This is why the sovereign European Belarus has been persistently and consistently pursuing an exclusively peace-loving policy!

Sixty-five years ago the states-victors have set for the future generations a tremendous moral and political task – to draw the right lessons from history, to prevent world-scale tragedies from repeating.

Our response to the challenges of today should be the approachment of peoples on the basis of humanity and the universal spiritual values. It is high time to relegate to the dust the Cold War stereotypes. Stereotypes that distinguish between the ‘good’ and the ‘bad’ countries.
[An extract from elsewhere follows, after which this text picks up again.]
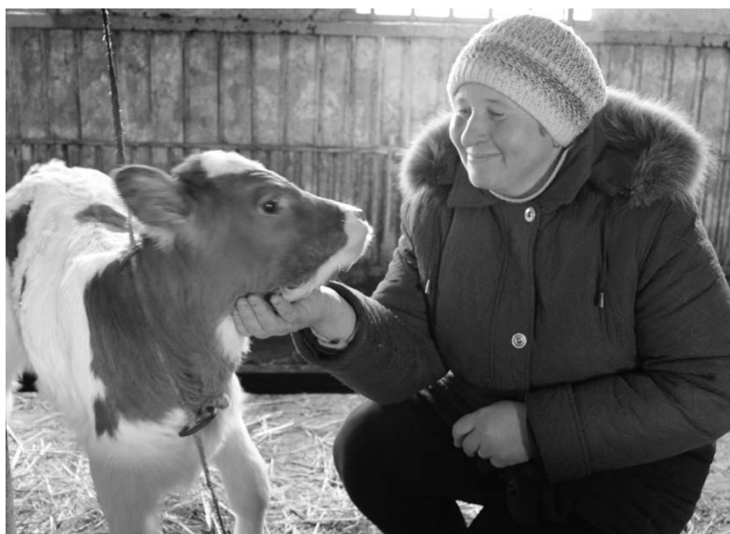
Животноводческие помещения ООО «Макеево», где содержится молочное поголовье и телата разных возрастов, выглядят по-хозяйски добротно, ухоженными. Еще сильнее последние морозы, и снежное покрывало плотно укрывает землю — первые зеленые всходы на ней появляются еще не скоро, а макеевским буренкам все равно: на фермах достаточно и сена, и зернофуража. В настоящее время начался массовый рост коров, соответственно значительно увеличился объем производства молока. Все сырье реализуется на Кромской маслозавод.

Живет нормальной полноценной жизнью. Я в свое время отучилась в Орловском сельскохозяйственном техникуме, много лет проработала в животноводстве. И если бы не наше хозяйство, которое дает нам работу, возможность заниматься любимым делом, тем, к чему мы привыкли, пришлось бы нелегко. Сельхозпредприятие своевременно рассчитывается с собственниками земельных долей, бесплатно предоставляет корма для животноводства работникам хозяйства.

Stereotypes that create division lines even between the states that fought together against fascism. I am sure that the most noble token of respect for the memory of the generations of victors would be a just, non-confrontational policy of all-round cooperation and joint opposition to common threats.

To prevent deadly conflicts, the tragic experience of the Second World War led the community of states, which included Belarus, to create the United Nations.
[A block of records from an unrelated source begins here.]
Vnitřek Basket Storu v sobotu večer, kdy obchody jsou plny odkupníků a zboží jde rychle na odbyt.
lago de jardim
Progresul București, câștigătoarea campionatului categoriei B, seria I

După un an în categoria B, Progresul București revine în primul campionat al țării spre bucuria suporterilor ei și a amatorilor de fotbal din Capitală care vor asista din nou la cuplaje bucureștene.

But many causes that provoke wars and that require joint and decisive actions of all states to be done away with are, unfortunately, not a thing of the past. This disturbing list includes aspiration for world supremacy, poverty, artificial trade barriers, xenophobia and fanaticism, ignoring of the right of any people for its own path of development and imposition on everyone of only one development model.

Belarus has been and will remain an important factor of security and stability in the European continent and globally. The United Nations can count on Belarus as a reliable and active participant of struggle against the illegal proliferation of nuclear weapons and fissile materials, trafficking in drugs and persons, illegal migration and attempts to overhaul the outcome of the Second World War.

We, Belarusians, will continue doing our best to promote cooperation, peace and stability.

I wish you a happy holiday of the Great Victory, friends!